If kubectl is renamed in your environment (folks use this method to manage multiple Kubernetes clusters), or put elsewhere other than PATH, you can easily match this by editing the script, and change the $kbctl variable:

# Faced with two different clusters, their corresponding kubectl aliased to kubectl_1 / kubectl_2
KBCTL=kubectl_1 ./csi-doctor.sh debug my-app-pod -n default
KBCTL=kubectl_2 ./csi-doctor.sh debug my-app-pod -n default

A commonly used feature is obtaining mount pod information. Assuming application pod being my-app-pod in namespace default, to obtain the mount pod that accompanies the application pod:

# Get mount pod for specified application pod
$ ./csi-doctor.sh get-mount my-app-pod
kube-system juicefs-ubuntu-node-2-pvc-b94bd312-f5f7-4f46-afdb-2d1bc20371b5-whrrym

# Get all application pods that's sharing the specified mount pod
$ ./csi-doctor.sh get-app juicefs-ubuntu-node-2-pvc-b94bd312-f5f7-4f46-afdb-2d1bc20371b5-whrrym
default my-app-pod

Once you become familiar with "Basic principles for troubleshooting", there's a handy csi-doctor.sh debug command that can quickly print important information like components' version and logs. You can easily find troubleshooting clues within the command output:

./csi-doctor.sh debug my-app-pod -n default

Run above command and thoroughly check its output, try to debug using the troubleshooting principles introduced below. Also, this command consciously controls output sizes so that you can easily copy the content and send to our open source community or Juicedata team.

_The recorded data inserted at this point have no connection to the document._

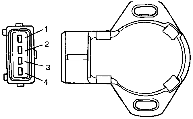 3. Check for continuity between throttle position terminals 1 and 2 using an ohmmeter.
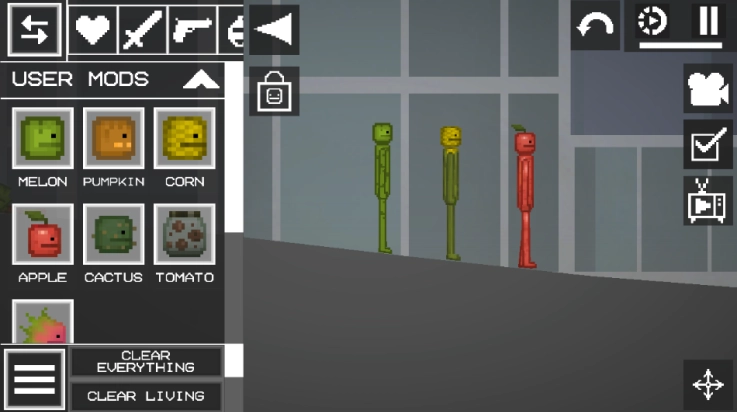 在游戏中,玩家可以扮演“造物主”或“实验者”。你可以放置角色(甜瓜人)、各类物体,并观察它们在重力、碰撞、关节连接等物理规则下的反应。从简单的堆叠到复杂的机械联动,从宁静的建造到爆炸性的混乱,一切皆由你决定。
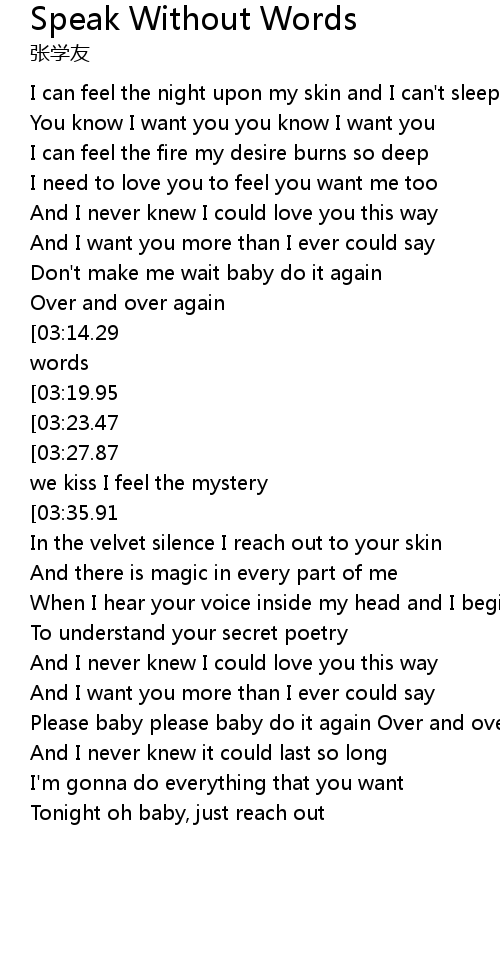 [04:14.08][03:27.87][02:29.22][01:16.00] Speak without Speak without words When we kiss I feel the mystery

Basic principles for troubleshooting

In JuiceFS CSI Driver, most frequently encountered problems are PV creation failures (managed by CSI Controller) and pod creation failures (managed by CSI Node / Mount Pod).

PV creation failure

Under dynamic provisioning, after PVC has been created, CSI Controller will work with kubelet to automatically create PV. During this phase, CSI Controller will create a sub-directory in JuiceFS named after the PV ID (naming pattern can be configured via pathPattern).

Check PVC events

Usually, CSI Controller will pass error information to PVC event:

$ kubectl describe pvc dynamic-ce
...
Events:
Type Reason Age From Message
---- ------ ---- ---- -------
Normal Scheduled 27s default-scheduler Successfully assigned default/juicefs-app to cluster-0003
Warning FailedMount 11s (x6 over 27s) kubelet MountVolume.SetUp failed for volume "juicefs-pv" : rpc error: code = Internal desc = Could not mount juicefs: juicefs auth error: Failed to fetch configuration for volume 'juicefs-pv', the token or volume is invalid.

Check CSI Controller

If no error appears in PVC events, we'll need to check if CSI Controller is alive and working correctly:

# Check CSI Controller aliveness
$ kubectl -n kube-system get po -l app=juicefs-csi-controller
NAME READY STATUS RESTARTS AGE
juicefs-csi-controller-0 3/3 Running 0 8d

# Check CSI Controller logs
$ kubectl -n kube-system logs juicefs-csi-controller-0 juicefs-plugin

Application pod failure

Due to the architecture of the CSI Driver, JuiceFS Client runs in a dedicated mount pod, thus, every application pod is accompanied by a mount pod.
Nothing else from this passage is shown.